India is aggressively pushing for electric vehicle (EV) adoption, aiming for 30% EV penetration by 2030. Simultaneously, the government is re-negotiating and signing Free Trade Agreements (FTAs) to strengthen global trade. Aligning these two strategies—green mobility and trade liberalization—could supercharge India’s EV sector growth.
1. India’s EV Landscape: A Snapshot
India sold over 1.3 million EVs in FY2025, led by two-wheelers and three-wheelers. The push includes:
- PLI schemes for advanced chemistry cells (₹18,100 crore)
- State EV policies
- FAME II subsidies
Yet, high battery costs (imported), limited global supply chain access, and tariff barriers challenge scalability.

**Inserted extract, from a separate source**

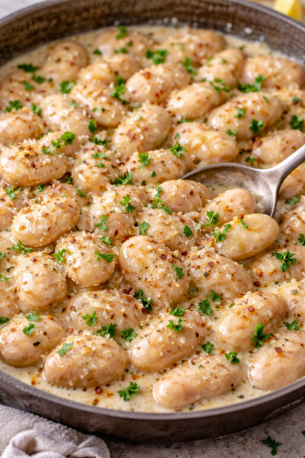 Creamy Butter Beans are a rich, comforting dish made with tender beans simmered in a silky garlic cream sauce. Finished with parmesan, herbs, and a hint of spice, this recipe is simple yet incredibly flavorful—perfect as a side dish or a cozy vegetarian main.

2. What Are Free Trade Agreements (FTAs)?
FTAs are deals between countries to reduce or eliminate tariffs, import quotas, and preferences. India is actively engaging with:
- EU (under India-EU Trade & Investment Agreement)
- UK (India-UK FTA)
- Australia (ECTA signed)
- UAE, Japan, and ASEAN nations
These agreements impact how cost-effective and globally competitive EV components and finished products are.
3. Why FTAs Matter for EV Growth
India still imports over 60% of its EV components, particularly:
- Lithium-ion battery cells
- Power electronics (IGBTs, controllers)
- Electric drive motors
Reducing tariffs through FTAs on these imports could cut EV prices by 8–12%, making them more attractive to Indian consumers and boosting OEM margins.
4. Boosting Exports: India as a Global EV Hub
FTAs can open up export markets for Indian-made EVs and components:
- Tariff-free access to the UK, EU, and Australia can give Indian manufacturers a leg up.
- Companies like Tata Motors and Mahindra are already positioning EVs for exports, especially in Europe and Southeast Asia.
With strategic FTAs, India could emulate China’s model—manufacturing EVs domestically and exporting them globally at scale.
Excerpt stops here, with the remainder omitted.